While the labour sector has called the move a victory for employees, with unions having branded the mechanism as tantamount to robbing workers of their hard-earned money, the business sector has cried foul over the additional financial burden.

Lam urges lawmakers to pass overdue bill to scrap MPF offsetting mechanism

The Federation of Hong Kong Industries said in a statement it was disappointed with the development. It said the business sector had suffered a “severe downturn” during the Covid-19 pandemic and amid uncertainties in the global economy.

“The government’s proposed bill has not only created unnecessary conflicts between employers and employees, but also added tremendous financial burden and stress to [small and medium-sized enterprises],” it said. “It is [the federation’s] deep regret that the bill has been passed where the industry has no alternative but to bear the consequences of the legislation.”

Some business lawmakers on Wednesday were adamant that the bill would impose an additional financial burden on operators, especially owners of small and medium-sized enterprises already hard hit by the Covid-19 pandemic.

“I am worried that the new law will aggravate labour relations as employees may deliberately do something to prompt their bosses to sack them,” said Liberal Party chairman and lawmaker Peter Shiu Ka-fai, representing the wholesale and retail sector.

“For employers, they may sack staff before the end of their five-year-long service employment to evade payments.”

Secretary for Labour and Welfare Law Chi-kwong. Photo: Jonathan Wong

Yet, unionist lawmaker Michael Luk Chung-hung of the Federation of Trade Unions, said the offsetting mechanism was unfair to employees and abolishing it was long overdue.

“Under this offsetting mechanism, it seems that employees are using their own money to sack themselves. The new arrangement can restore the severance payment by offering laid-off staff emergency funds to ride out the difficulty,” he said.

Law noted authorities would press ahead with setting up the 25-year government funding programme and would follow up in the 2022-23 legislative year on a Designated Savings Accounts Scheme for employers to cope with future financial needs, as well as conducting a publicity campaign to help employers understand the abolition of the offsetting arrangement.

Official data showed that from July 2001 until the end of September last year, a total of HK$56.7 billion was offset in employees’ pension funds in the city. Last year, this amount was more than HK$6.6 billion, up 16.6 per cent from HK$5.7 billion in 2020.

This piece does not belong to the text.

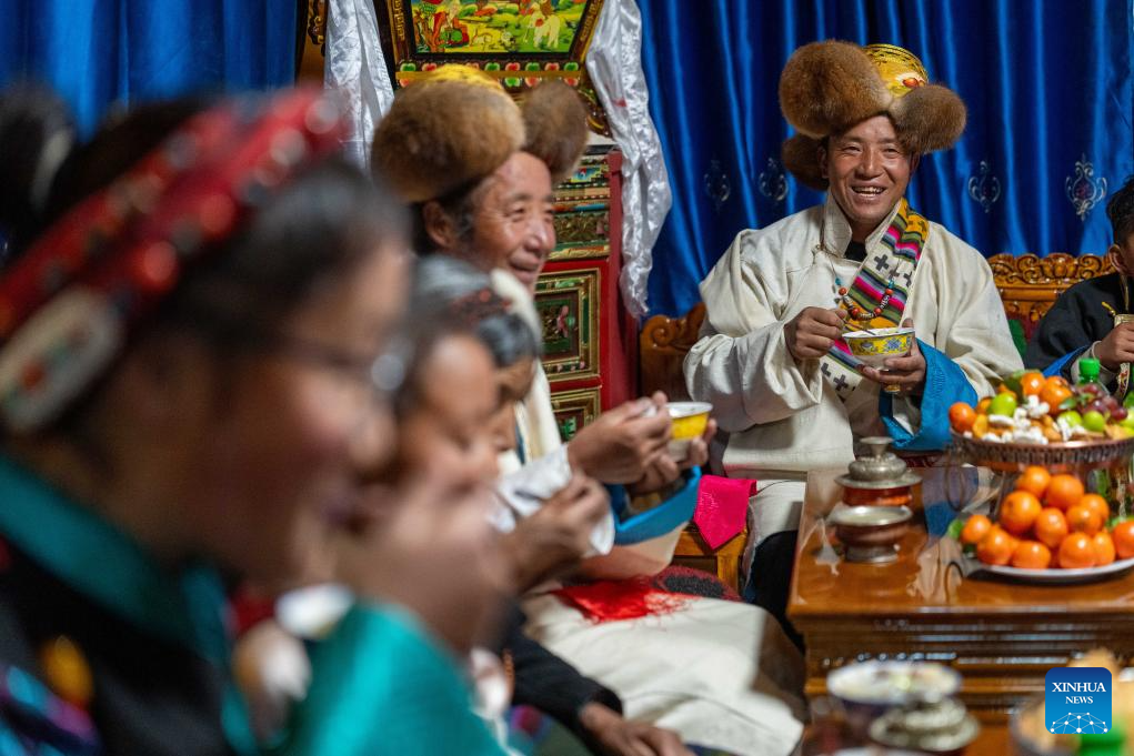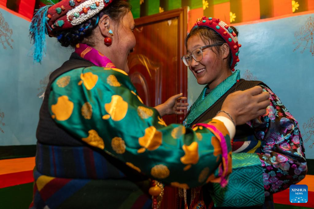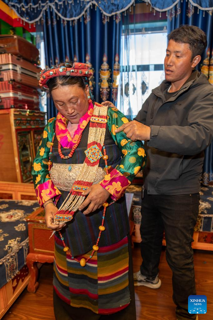 Sangs-rgyas (R) helps his wife Drolma Tsering wear accessories at home in Gurum Village of Chamco Township, Dingri County, southwest China's Xizang Autonomous Region, Feb. 16, 2026.

MPF faces ‘extreme volatility’, members lose HK$16,600 each in first quarter

The MPF covers more than 2.8 million workers in Hong Kong, who can choose where to invest their monthly contributions. The scheme requires employers and staff to each contribute the equivalent of 5 per cent of a worker’s monthly salary to the pension fund, capped at a combined HK$3,000.

The abolition of the offsetting arrangement will have no retroactive effect. If a worker’s employment commenced before the transition date but the individual is laid off after that, the employer can still claw back contributions to the staff member’s pension funds to cover severance payments based on the number of years worked before the date in question.

Authorities said such an arrangement would help reduce the risk of large-scale dismissals before the transition date.

The calculation of the severance or long-service payments will remain unchanged at two-thirds of the last monthly wages, subject to a maximum of HK$22,500, for each year of service, capped at HK$390,000.